The super PAC to end all super PACs, established in May 2014, was highly successful in raising money but much less so in targeting races it could win. The group reported making $7.5 million in independent expenditures across eight races this year. It won just two.

“It was a tough night across the board for supporters of reform, but we’re glad we engaged in this fight," said Mayday's founder, Harvard law professor Lawrence Lessig, in a statement. "The fight to root out corruption in our politics is one of the most important in our time and we will continue to pursue it with fierce urgency,” he vowed.

Mayday's two victories came in safe districts for the party of its chosen candidates -- Ruben Gallego (D-Ariz.) and Rep. Walter Jones (R-N.C.) -- and represented the smallest investments by the super PAC. Where Mayday intervened to help candidates in tough races, they lost.

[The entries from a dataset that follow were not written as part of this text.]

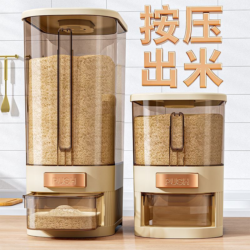 Ember Beras Tekan 20Kg Silinder Beras Kelas Makanan Anti Debu dan Anti Trendi Segel Rumah Tangga Ember Beras Tipe Tekan Kapasitas Besar Dapur
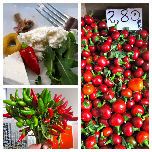 This visit made me realise how little I actually know about Italian food. Every town, every region, has a speciality and often the food is unknown or difficult to buy elsewhere. At the airport I bought liffa di mandorle, an almond milk syrup that was just divine, heaven sent even. I could have ordered coffee flavoured with this syrup in Puglia but I didn’t know about it! Another discovery: bouquets of small red round pepperoncino chilli peppers. Oh my god! I brought back a couple of bunches of these chillis, both pointy and round. They contain just the right amount of heat, you can eat them, seeds and all, without fear.
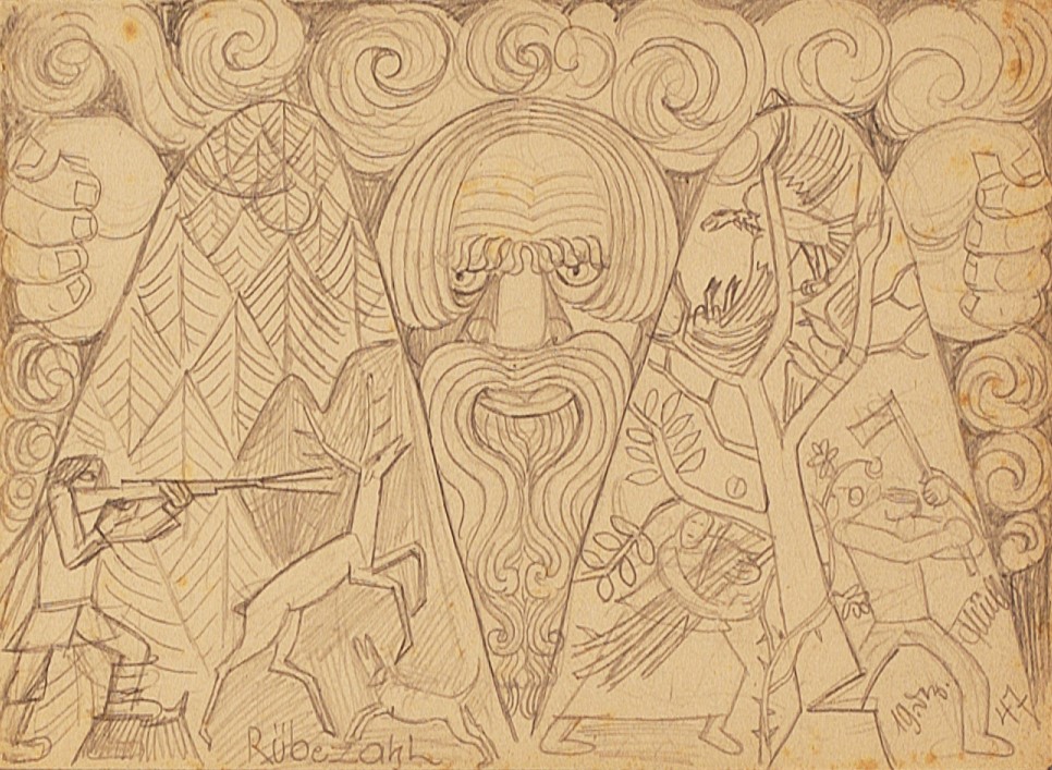 Müller wandte sich diesem Thema wiederholt zu, nicht Text getreu, sondern interpretierend. In der auf dem Ausstellungsplakat zu sehenden Zeichnung, vermischt sich das Motiv mit der Schlussszene des Rapunzelmärchens. Eine weitere Brüderchen u. Schwesterchen-Version betitelt der Künstler gleich als "Romanze" und in der Schneewittchen-Zeichnung (7 Zwerge) schafft er eine Melange mit Dornröschen.
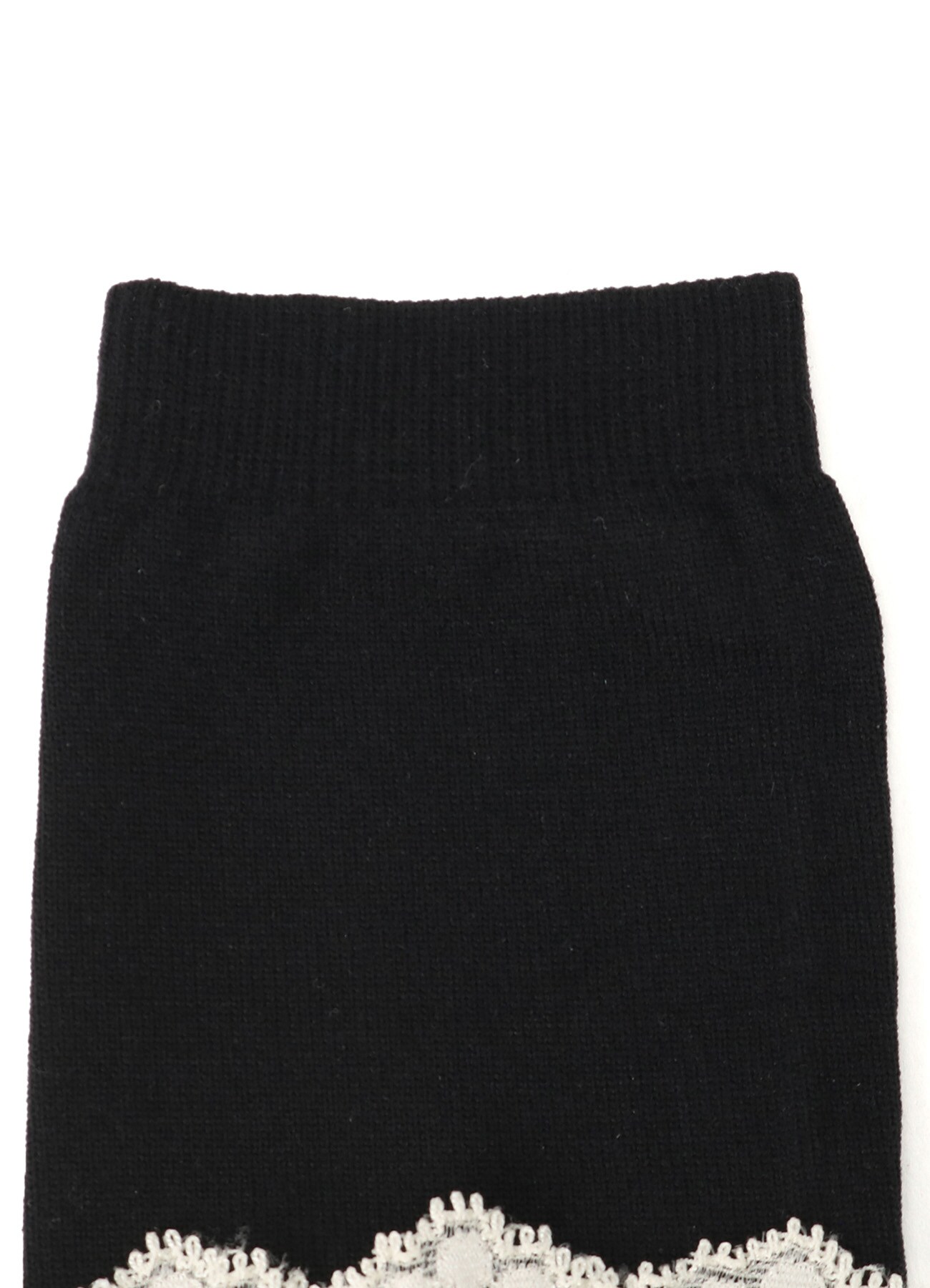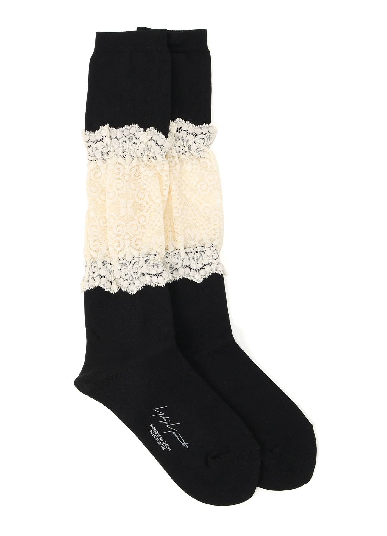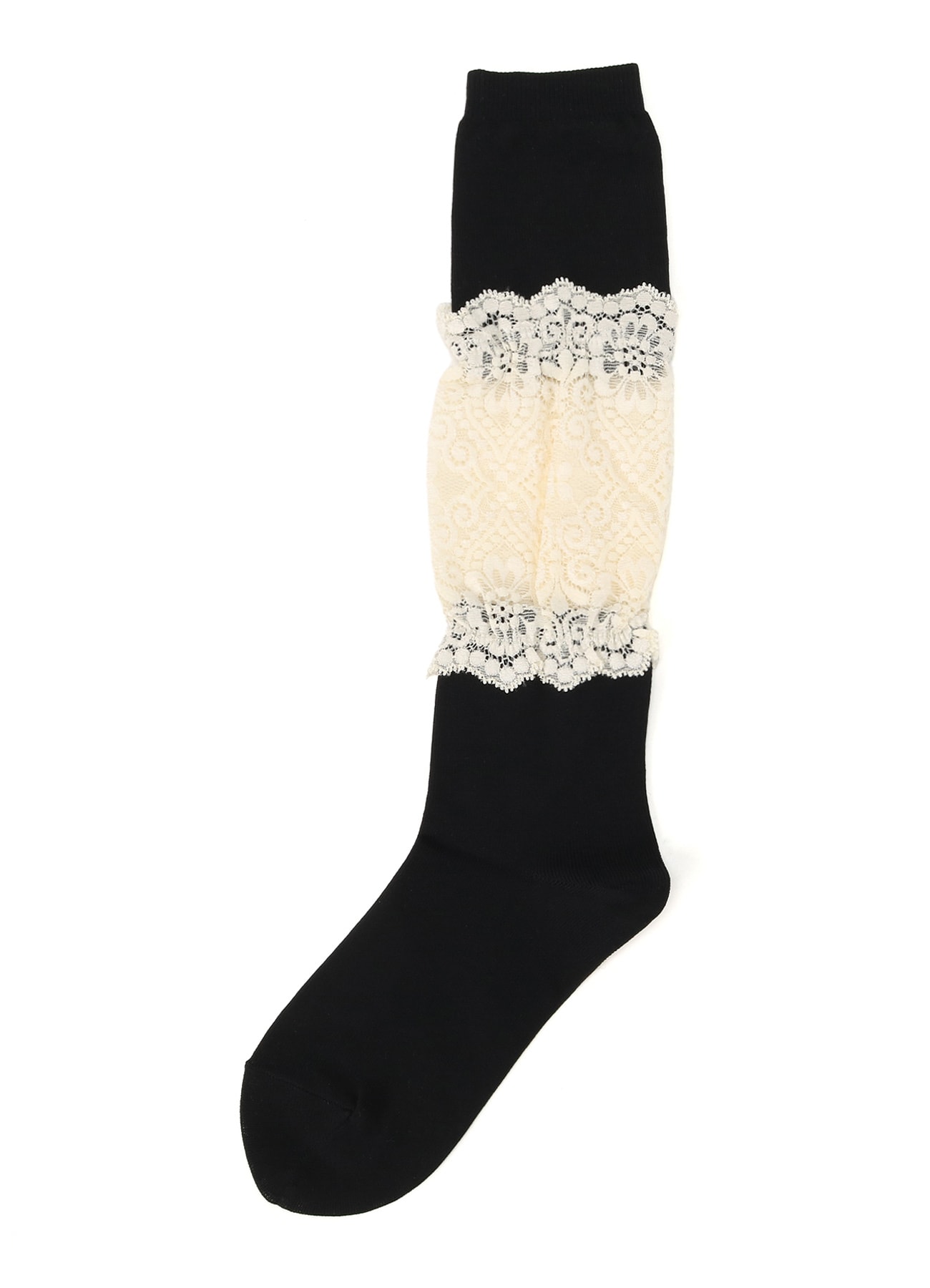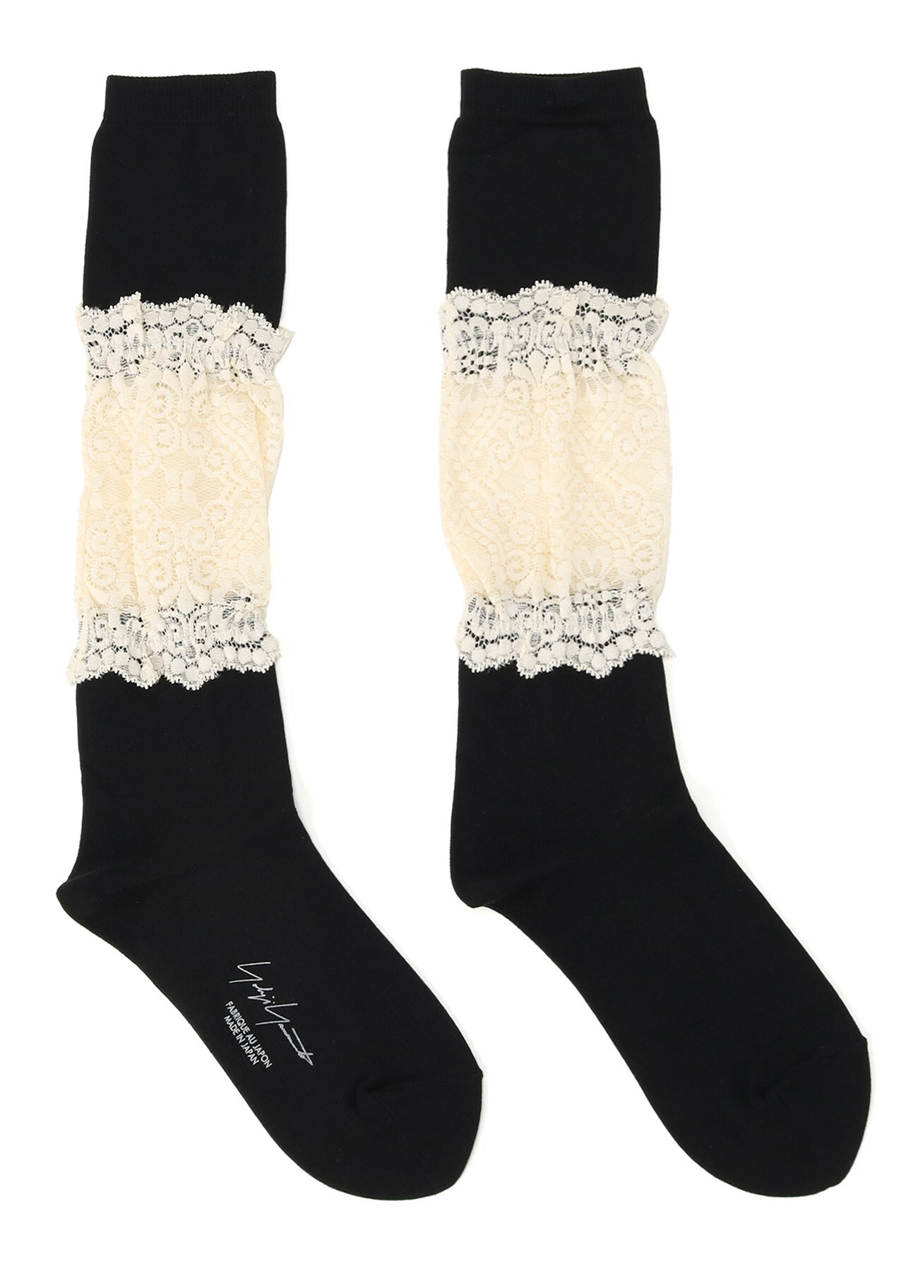 ¥9900ソックスの中央部分にレースをあしらった華やかなソックス。レースは伸縮性のある物を使用しています。柄の入り方は多少の個体差がありますのでご了承ください。

Independent Greg Orman did not oust Republican Sen. Pat Roberts in the Kansas Senate race. In the South Dakota Senate race, Democrat Rick Weiland lost badly to former Republican Gov. Mike Rounds. A late infusion of money to support Democrat Paul Clements' bid against GOP Rep. Fred Upton in Michigan did not succeed. Two other Mayday-backed Democrats running for House seats, New Hampshire Rep. Carol Shea-Porter and Iowa candidate Staci Appel, both went down to defeat.

These losses came on the heels of Mayday's failed effort in support of Republican Jim Rubens in the New Hampshire Senate primary. The spending on Rubens, a tea party candidate who supported campaign finance reform, raised questions from more progressive supporters of Lessig's efforts. After Rubens' loss, Lessig noted, "The burden of this mistake rests with me, and me alone."

That primary contest aside, Mayday PAC's failures may well have been a product of bad timing. The majority of the candidates it backed were Democrats, and 2014 was rather unkind to their party. Senate Democrats lost seven seats, with another two still hanging in the balance, while House Democrats lost between 14 and 18 seats depending on votes not yet counted.

"It was a bad year for Democratic candidates," said Adam Green, executive director of the Progressive Change Campaign Committee, which managed the majority of Mayday's political efforts.

Lessig and his super PAC declined to comment.

Nonetheless, electoral failure doesn't strengthen Mayday's hand. The super PAC's operating theory is that candidates and elected officials will only pursue campaign finance reform once they face a credible threat over the issue at the ballot box.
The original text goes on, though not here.